Todos los presentes eran personas inteligentes, y tras reconstruir los hechos, todos intuyeron lo esencial. La habilidad de Li Linge para moverse libremente por la mansión como si fuera su propia casa no pareció sorprendente a primera vista. Las habilidades de este hombre eran como las de un fantasma, apareciendo y desapareciendo sin dejar rastro. Independientemente de cómo logró infiltrarse en la Mansión Wanliu, encontrar un lugar donde esconderse y luego aprovechar la oportunidad para robar cuatro armas, entregándoselas a Deng Dingbo y su compañero para que pudieran asesinar en secreto a Fang Wenli y a los hombres restantes, cumpliendo así su papel de sembrar la discordia.
Sin embargo, si unimos los puntos, descubrimos que, aunque Li Linke es muy hábil, parece actuar con demasiada facilidad; y aunque Duan Chen y los demás actúan con franqueza, parece saber demasiado.

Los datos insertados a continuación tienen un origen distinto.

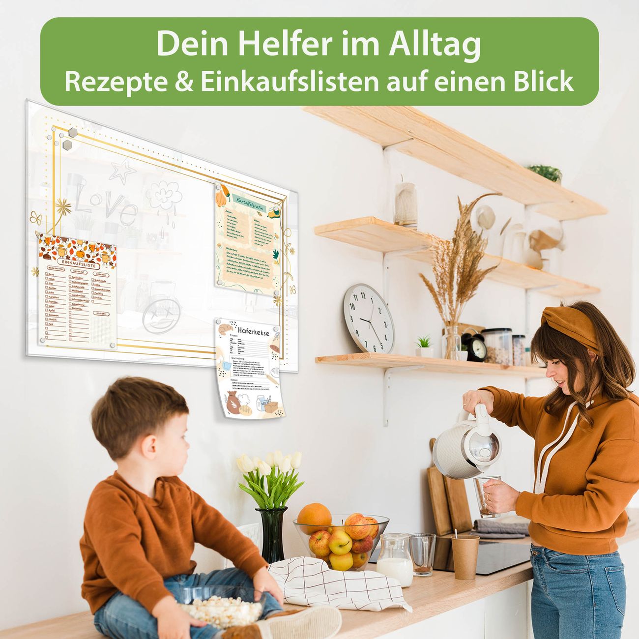 Auf der glatten Glasoberfläche lassen sich Termine, Rezepte oder Notizen ganz einfach mit Kreidestiften festhalten und rückstandslos entfernen. Starke Neodym-Magnete halten Ihre wichtigsten Erinnerungen sicher an Ort und Stelle. So entsteht Ihre ganz persönliche Ideenwand - jeden Tag neu.
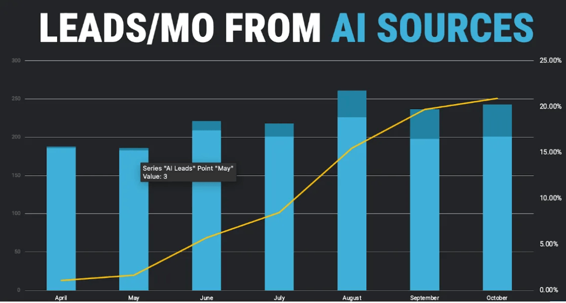 I shared data in Issue #148 showing LLM-sourced leads for a B2C business growing from less than 5% to over 20% of total leads in 7 months. These aren’t “visibility impressions.” These aren’t “brand mentions in an AI answer.” These are real leads that convert into real customers who spend real money. What’s equally interesting? Those leads increased while the total number of leads from other sources also trended up. Put another way: AI leads were not previously organic leads; they were net-new. Incremental.

La única explicación razonable es que Li Linke tiene a alguien en la Mansión Wanliu. Y el estatus de esta persona no es en absoluto inferior al de Liu Yichen.
La razón por la que el rostro de Liu Yichen se ensombreció al oír esas palabras fue porque sabía que la casa de madera en el bosquecillo de ciruelos siempre había sido una zona prohibida de la Mansión Wanliu, y que nadie, excepto él y su padre, tenía derecho a entrar. La presencia de Li Lingke en esa casa de madera era prueba suficiente de que no había mentido antes y de que el Viejo Maestro Liu estaba, en efecto, bajo las órdenes de la gente de Xia Occidental.